Up at the crack of dawn this morning to go the gym. That's right, the gym. It's probably top of my 'things I'll never do' list, however it's actually a favour for a friend.

She's training to become a personal trainer and she picked me as her 'project'. Not knowing whether to be flattered or offended I agreed and let's be honest, I could do with shifting more than a few pounds. So today was the first day.

I hate gyms, just because really. I hate the effort, I hate vanity and I'm not mad about communal changing rooms, however I bit the bullet and we did it. And you know what, it was actually okay. It's amazing the amount of people on those running machines at 7am, some plugged into the telly, others with ipods, one woman reading Love It!.

Nevertheless, I still felt nervous and a little uncomfortable. Being of slightly generous proportions I felt I was being wheeled into a freakshow as some sort of moon-faced curio. But you've got to start somewhere.

Now it's 9.32am and I feel quite good. Tired, but fine. Annoyingly I had to leave a great Heroes press do at the Gherkin early. But more of that later.

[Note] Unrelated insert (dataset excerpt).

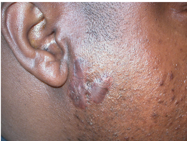
FIGURE 6 Scar 20 months later and three injections of Bleomycin

Tomorrow I'll be stiff as a board. And I 've got to do it all over again.


Rob said...

If you'd told the 13 year old me that I would pay someone 30 quid to physically torture me every Friday morning at 7am I would have killed myself on the spot just to avoid the horror of it all. But I do and - for a strange array of reasons - I really enjoy it. Look fwd to it even. Strange world we live in, no?

Five-Centres said...

I know, Rob, but once you get over 40 the mirror is not kind and neither are small children, so then it's time for action. But I need someone to make me do it, so this is ideal.

Ishouldbeworking said...

You may find that the real pain kicks in 48 hours after your first session (deep tissue massage can save you days of walking like a man with no knees).

Stick with it - after a couple of months you'll wonder how you ever managed without it.

Valentine Suicide said...

I'm resisting. I looked through the window once, it looked like a big hamster cage with a lot of miserable looking people on wheels, going nowhere. If get on a bike it had better go somewhere.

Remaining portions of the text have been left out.